Norwegian oil and gas takes hit as Wisting stalls

Equinor is putting the Wisting oil project on hold amid rising costs, raising questions over the future of similar Norwegian oil and gas projects in the Arctic.

Environmentalists are hopeful that plans to produce oil from the controversial Wisting field in the Norwegian Arctic will be permanently shelved after its developer Equinor announced it was putting the oil project on hold amid rising costs.

Equinor and partners AkerBP (35%) Petoro (20%) and INPEX Idemitsu Norge (10%) said on November 9 that they were postponing to 2026 the investment decision to develop the Wisting oil field, which was due in December this year, citing “a cost increase due to increased global inflation and cost growth in the supply industry nationally and internationally.”

The updated investment estimate for the project had soared to 104 billion crowns (around $10 billion) from 60-75 billion crowns previously estimated.

While the company said it will continue to progress the project with a view to reducing costs and improving its profitability, it is now “very unlikely that Wisting will ever be built,” Andreas Randøy, Energy Campaigner at Greenpeace in Norway, told Gas Outlook.

Opposition to Norwegian oil and gas

Aside from financial and supply chain drivers, commentators are seeing the worsening political landscape for new fossil fuel projects as one further reason for the decision.

“Equinor has known about the increasing prices for a long time,” Randøy said.

While rising costs “have had an impact on Equinor’s decision, this isn’t the whole story either…The broad movement of people resisting Wisting has clearly made an impact,” he said.

“People have protested against Wisting all over the country because it would increase emissions dramatically, put vulnerable nature in danger, and increase power prices locally, without creating any new jobs,” he added.

Moreover “Wisting’s environmental impact assessment received wide and harsh criticism, both from civil society and [the] government environmental agencies,” leading to the company issuing a new impact assessment, he said.

The assessment “was deemed inadequate by both government and non-government experts” thus leading to a risk that the project would not be greenlighted, he stressed.
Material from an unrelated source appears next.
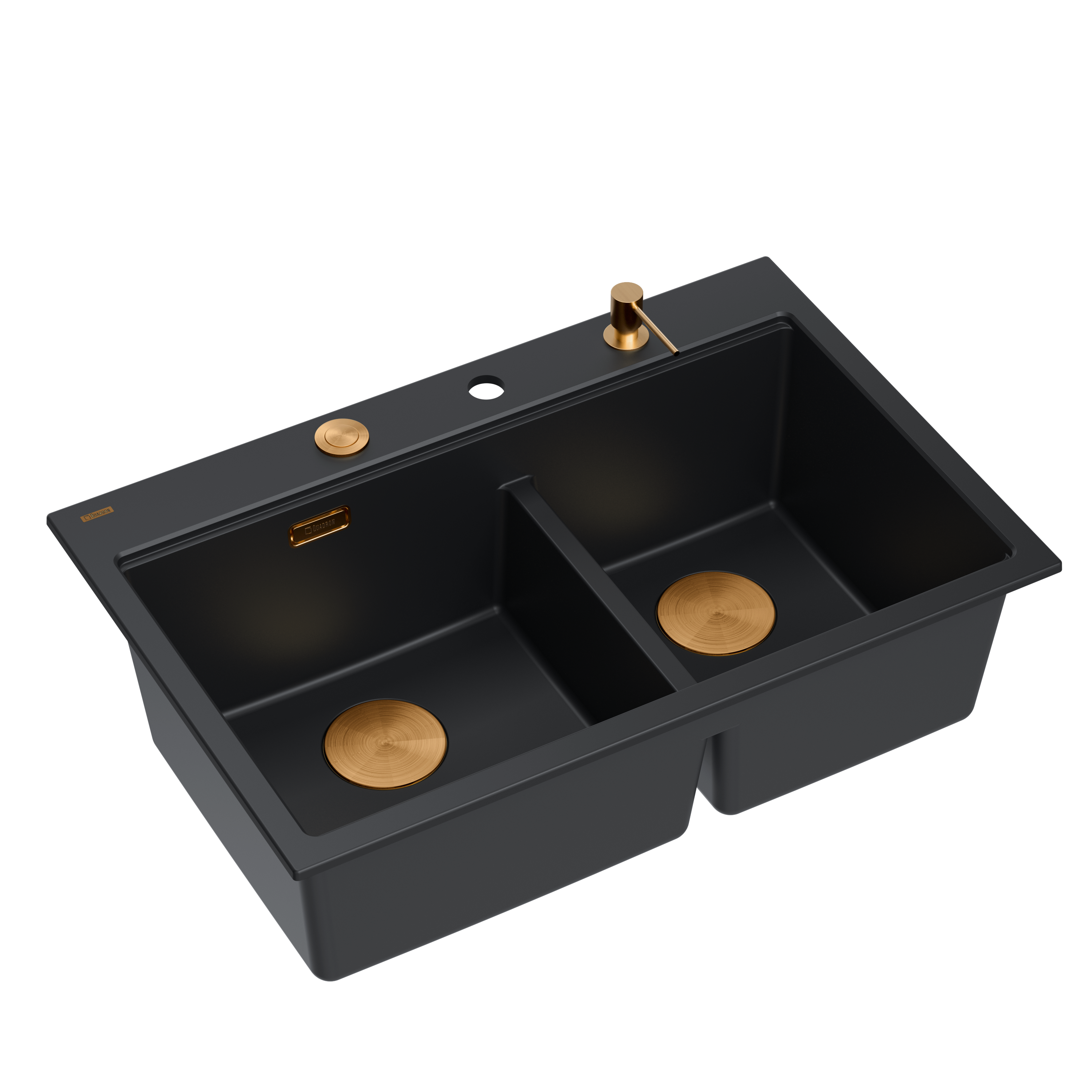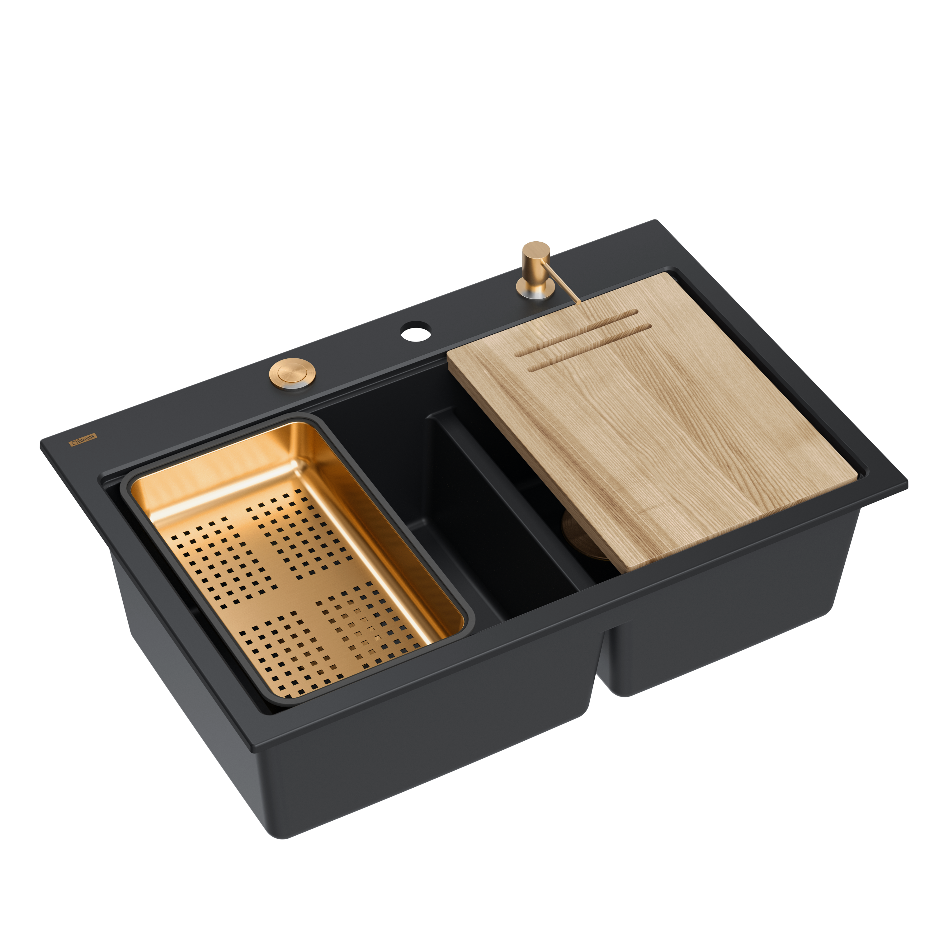 În versiunea cu accesorii în strat PVD, setul este completat de o placă solidă și o inserție pentru scurgere, care extind considerabil spațiul de lucru și îmbunătățesc confortul utilizării. Sistemul automat de drenaj Push-2-Open este un avantaj suplimentar, permițând golirea cuvei fără a-ți uda mâinile, sporind astfel confortul și igiena în activitățile zilnice.

Frederic Hauge, founder and president of Norway-based think tank Bellona told Gas Outlook that the Wisting plans are “under great political pressure, due to climate but also because this field is located in valuable areas, where a possible accident would be very difficult to handle due to the difficult geological conditions.”

The postponement “is an admission that this area is very demanding in terms of security due to the geological conditions.”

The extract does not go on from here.